Monday, December 13, 2010

A Very Carpenter Christmas 1: In The Mouth of Madness

So, yes, Christmas is upon us, and unfortunately that's not really an opportune time for horror movie buffs such as myself. Sure, as a human being who enjoys good food, gifts and company, it's quite excellent, but the hateful little gnome that lives in my brain just can't find sustenance through a month centered around joy and the goodwill of man. Sure, one could try surviving on darkly humorous and, for some reason, very controversial horror comedies centered around the Yuletide, but I say bah to that. So instead, this Holiday, I will be covering some of the works of John Carpenter, not all of them obviously, he's made a lot of movies, and I can't use my hands for writing all the time, you know, it's hard to drink mulled wine without the help of ones hands, after all. But enough about that, let's start the first installment of A Very Carpenter Christmas, where we'll be looking at a rather Lovecraftian flick called In The Mouth of Madness. Oh, and as per usual, here be spoilers.
Uh, what were we talking about again?

So, the thing about Lovecraft is that one thinks "Oh, interdimensional horrors and all that is groovy-pants and all, but no way anyone's going to make a movie out of it." Then, along comes John Carpenter and goes "HA," in a way that usually implies that one is about to prove the previous speaker wrong. In The Mouth Of Madness is the medium he chose for this. The story follows John Trent, played by Sam Neil, resident sceptic and insurance fraud investigator and Linda Styles, played by Julie Carmen, chief editor for the enigmatic writer and target of the journey, Sutter Cane, played by Jürgen Prochnow.

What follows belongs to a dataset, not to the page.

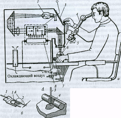 Рис. 3.32. Установка для свар-ки лазером (а) и схема образо-вания соединения при лазерной сварке (б); а: 1 - осветитель (фокусировка луча по месту сварки); 2 - рубин (активное вещество); 3 - пульт управления- 4 - микроскоп; 5 - шторка; 6 - свариваемые детали; 7 - манипулятор

In short, Cane's gone AWOL, and the publishers is claiming insurance since it doesn't look like he'll be able to deliver the manuscript for the titular book in time. Neil thinks this is a scam, of course, and starts to track down the town of Hobb's End, where Cane's books are set. This seems to be difficult, since Hobb's End doesn't seem to exist, but hey, finding the unfindable is step 1 in any self-respecting Lovecraftian story. So needless to say, he finds the town, but it would seem it has a little problem. One, nobody can quite determine if the town existed at all before Cane started writing the books and Two: Beings from a different world who seems keen on invading the earth because beings from a different world in nine out of ten cases are humongous dicks.

This is probably bad news...

Now, this movie does something right a lot of other "otherworldly horror"-movies often does wrong. They keep the beasties mysterious. Sure, there are some degree of explanation about just what the hell they're supposed to be, but the definitions that are made are vague enough that one can easily imagine that it's merely the most complete way a human can understand it without going insane. Though, that doesn't seem to help Neil, who takes just a couple too many hits to the SAN (Geek Joke, ho!) in the end, and one could be forgiven for wondering how much of what we saw really happened.


This film is also delightfully meta, since it turns out Cane's writing either changes reality, or that he's tasked to "narrate" the fall of all that is known by the mindrendering powers that be. Either way, one could interpret that the whole tale is about a character that realizes he is a character in a book. Unfortunately for him, it wasn't precisely a romantic comedy he landed himself in. If one accepts this way of looking at it, one could ask oneself if this wouldn't have been a story better told in a book. Well, concepts not quite unlike it have worked before, but it also demonstrates the strength of Carpenter's filmmaking, when he actually can communicate the incredibly tricky idea in a medium that requires such a degree of visual coherency and sense as film, if you excuse me slipping into film geek overdrive for a moment there.

Not that the cover spoils anything of the above

Now, for the most important question to me, right up there with "is it well made" is "is it scary?" I'd say yes, there's plenty of foreboding freakyness before shit hits the fan, and once it does... well, it's Lovecraftian. It's interesting how it kinda feels like the world is going to hell, and the characters are just surviving the shit that happens to fly their way. It's a bit like that one scene in Pulse, well, both of them, but the original did them better, where our heroes run out to see a plane crash while the streets filled up with ghost-thingies. It's a refreshing break of pace from the scary movies that more or less entirely revolve around the main character, thus bumfucking any sense of scale and dread. Ironically, one could argue that the story is a lot more centered on the protagonists than even these, but that's getting into metafiction-territories that I don't feel like braving.

All in all, I'd recomend In The Mouth Of Madness, both to people who already like Lovecraft-styled terrors, and to people who would like a quick and (relatively) easy taste at what sort of terrors this horror subgenre can bring you, although you might want to be able to stomach metafiction, if you're going to brave this one.